When carrying out the CTHC in liquid media using alcohols as the hydrogen source, the pressure in the reactor is produced by an inert gas, such as nitrogen, argon, or helium. In these cases, higher pressures do not seem to appreciably improve the GVL yield. On the contrary, an increase in hydrogen pressure leads to a higher hydrogen concentration in the liquid in conventional hydrogenation, resulting in better GVL yields (Gilkey and Xu 2016). Besides, in CTHC, high-agitation systems are relevant to ensure the contact between the catalyst and the reactant.

Formic acid is generated with levulinic acid in an equimolar ratio, making it an inexpensive hydrogen donor. Nevertheless, its decomposition results in CO2 and H2 formation, raising the reactor pressure (Yu et al. 2020a) and increasing the equipment costs. For this reason, LA should be separated from FA before its use when using CTHC for producing GVL.

Solvent

Water is the most eco-friendly solvent to consider. However, when the solvent is water, the system achieves an equilibrium 4-HVA (4-hydroxyvaleric acid)/GVL/water at every pH and at or above 100 °C, which can be a problem since 4-HVA can be a ligand for transition metals (Wong et al. 2017), which can lower the catalyst activity. This needs to be considered when using LA and long reaction times because LA esterification produces water (Fig. 2). It has been suggested that water harms the CTH reaction at room temperature when using IPA as a hydrogen donor (Yang et al. 2013). Kasar et al. (2018) converted LA to GVL using methanol/water as a solvent and found that water can lead to metal leaching from the catalyst. Thus, increasing the MeOH/water ratio to 95:5 suppressed leaching and increased selectivity (Kasar et al. 2018). In this line, Hengne et al. (2016) obtained 99% conversion with <0.01 ppm metal leaching when IPA was used as a solvent and 72% conversion with 125 ppm leaching when using water (Hengne et al. 2016).

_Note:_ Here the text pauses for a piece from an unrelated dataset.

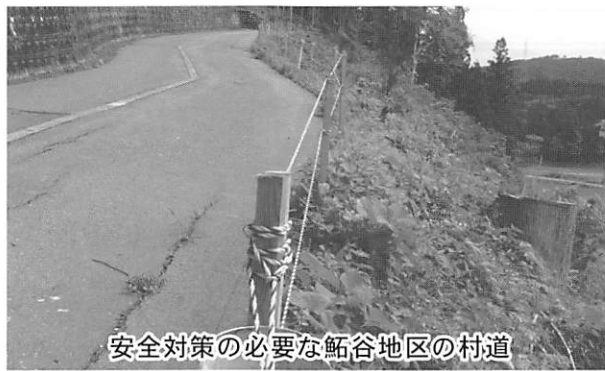
安全対策が必要な鮎谷地区の村道

Primary alcohols such as 1-butanol or ethanol lead to GVL in mixtures with several by-products, resulting in less selectivity (Chia and Dumesic 2011). Besides, the H-atom required for the hydrogenation is delayed since the rate of decomposition is slower compared to secondary alcohols (Hengne et al. 2016). Secondary alcohols have lower reduction potential and are expected to be better H-donors (Amarasekara and Hasan 2015). The longer the alkyl chain of the secondary alcohol used as a hydrogen donor, the lower the hydrophilicity. So, both the diffusion of the catalyst and the proton in the reaction medium could be hampered. Isopropanol (or 2-propanol) is the smallest available secondary alcohol. It is soluble in water, causes low steric impediment (Yu et al. 2020b), and leads to acetone by dehydrogenation, a widely used chemical. It has been reported that using secondary alcohol with a longer alkyl as 2-butanol, the GVL yield decreased together with an increase of the ester yield, which could be due to steric hindrance (Al-Shaal et al. 2016).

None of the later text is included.